RECORDS PROVIDED:
-.-.-

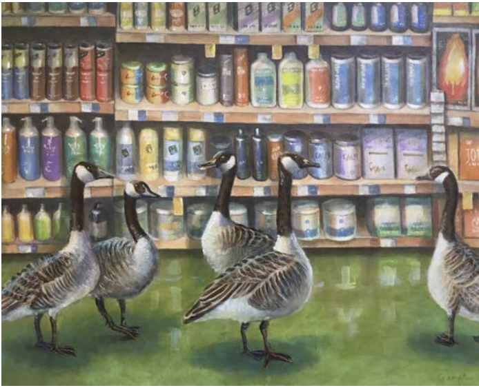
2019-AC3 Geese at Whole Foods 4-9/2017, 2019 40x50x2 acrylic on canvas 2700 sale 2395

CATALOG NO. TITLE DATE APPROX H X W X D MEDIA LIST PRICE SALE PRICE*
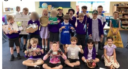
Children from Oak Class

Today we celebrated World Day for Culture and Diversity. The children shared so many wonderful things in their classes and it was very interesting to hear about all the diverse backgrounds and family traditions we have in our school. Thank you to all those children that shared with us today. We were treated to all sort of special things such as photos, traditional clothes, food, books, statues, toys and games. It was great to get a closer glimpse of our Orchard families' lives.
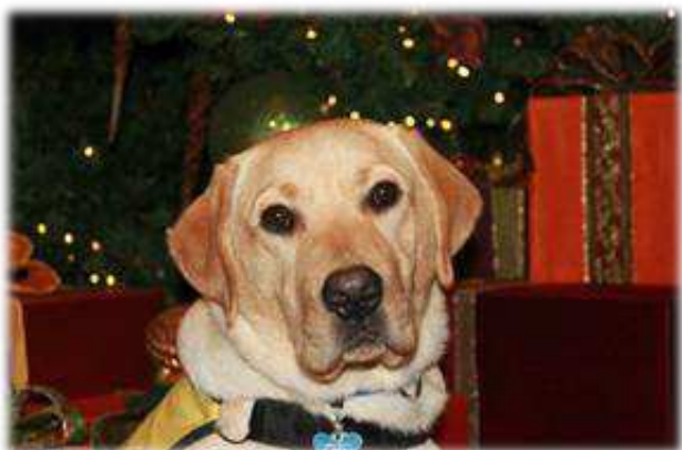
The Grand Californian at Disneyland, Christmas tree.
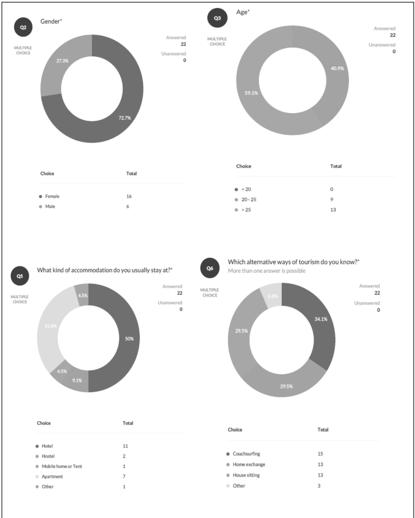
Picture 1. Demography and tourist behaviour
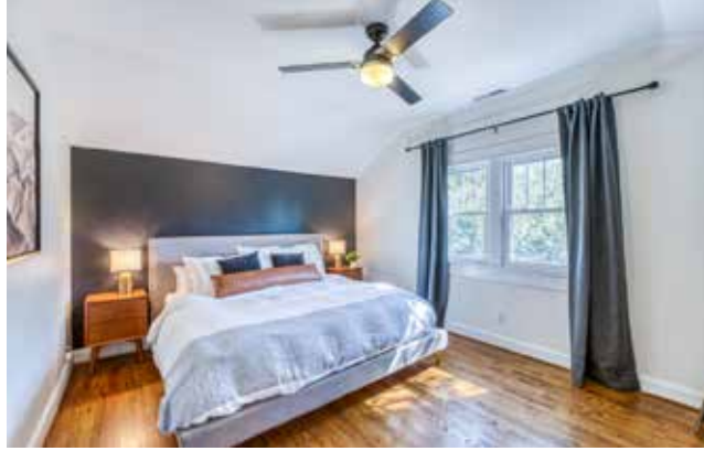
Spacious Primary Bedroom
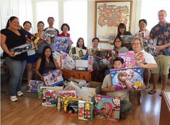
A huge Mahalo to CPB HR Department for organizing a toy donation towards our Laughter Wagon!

-.-.-

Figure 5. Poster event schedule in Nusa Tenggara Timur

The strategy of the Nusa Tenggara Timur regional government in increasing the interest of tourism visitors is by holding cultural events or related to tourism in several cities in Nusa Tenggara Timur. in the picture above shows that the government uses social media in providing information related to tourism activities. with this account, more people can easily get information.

-.-.-

Reproduce the entries above exactly, but only the lines between the line holding "Figure 5. Poster" and the line holding "The strategy of", inclusive.

Figure 5. Poster event schedule in Nusa Tenggara Timur

The strategy of the Nusa Tenggara Timur regional government in increasing the interest of tourism visitors is by holding cultural events or related to tourism in several cities in Nusa Tenggara Timur. in the picture above shows that the government uses social media in providing information related to tourism activities. with this account, more people can easily get information.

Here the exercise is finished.